Records for processing →
╭──

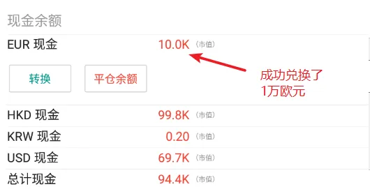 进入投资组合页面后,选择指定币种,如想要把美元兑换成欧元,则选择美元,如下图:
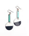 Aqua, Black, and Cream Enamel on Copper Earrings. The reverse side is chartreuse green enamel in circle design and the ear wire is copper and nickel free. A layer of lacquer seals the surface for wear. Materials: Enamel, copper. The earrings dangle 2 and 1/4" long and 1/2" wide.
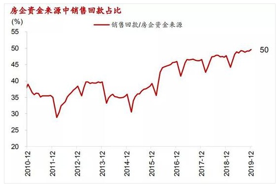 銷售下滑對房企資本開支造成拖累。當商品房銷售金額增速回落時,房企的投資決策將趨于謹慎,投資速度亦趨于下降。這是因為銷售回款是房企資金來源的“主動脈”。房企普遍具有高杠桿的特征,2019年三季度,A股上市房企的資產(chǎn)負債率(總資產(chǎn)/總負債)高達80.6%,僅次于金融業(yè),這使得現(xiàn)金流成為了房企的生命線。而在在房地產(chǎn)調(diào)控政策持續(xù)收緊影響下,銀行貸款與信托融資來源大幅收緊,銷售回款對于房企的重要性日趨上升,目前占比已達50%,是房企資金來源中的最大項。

╰──
╭──

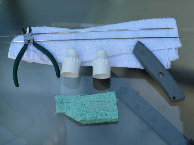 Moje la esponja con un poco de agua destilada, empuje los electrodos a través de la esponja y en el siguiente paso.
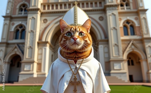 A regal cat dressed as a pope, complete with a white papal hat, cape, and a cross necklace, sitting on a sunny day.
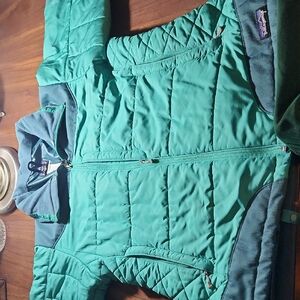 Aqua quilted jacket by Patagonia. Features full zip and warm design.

╰──

Work instruction →
Copy word for word the lines of the records above from the one with "Moje la esponja" up to and including the one with "Aqua quilted jacket". Skip the pictures.

Response area →
 Moje la esponja con un poco de agua destilada, empuje los electrodos a través de la esponja y en el siguiente paso.
 A regal cat dressed as a pope, complete with a white papal hat, cape, and a cross necklace, sitting on a sunny day.
 Aqua quilted jacket by Patagonia. Features full zip and warm design.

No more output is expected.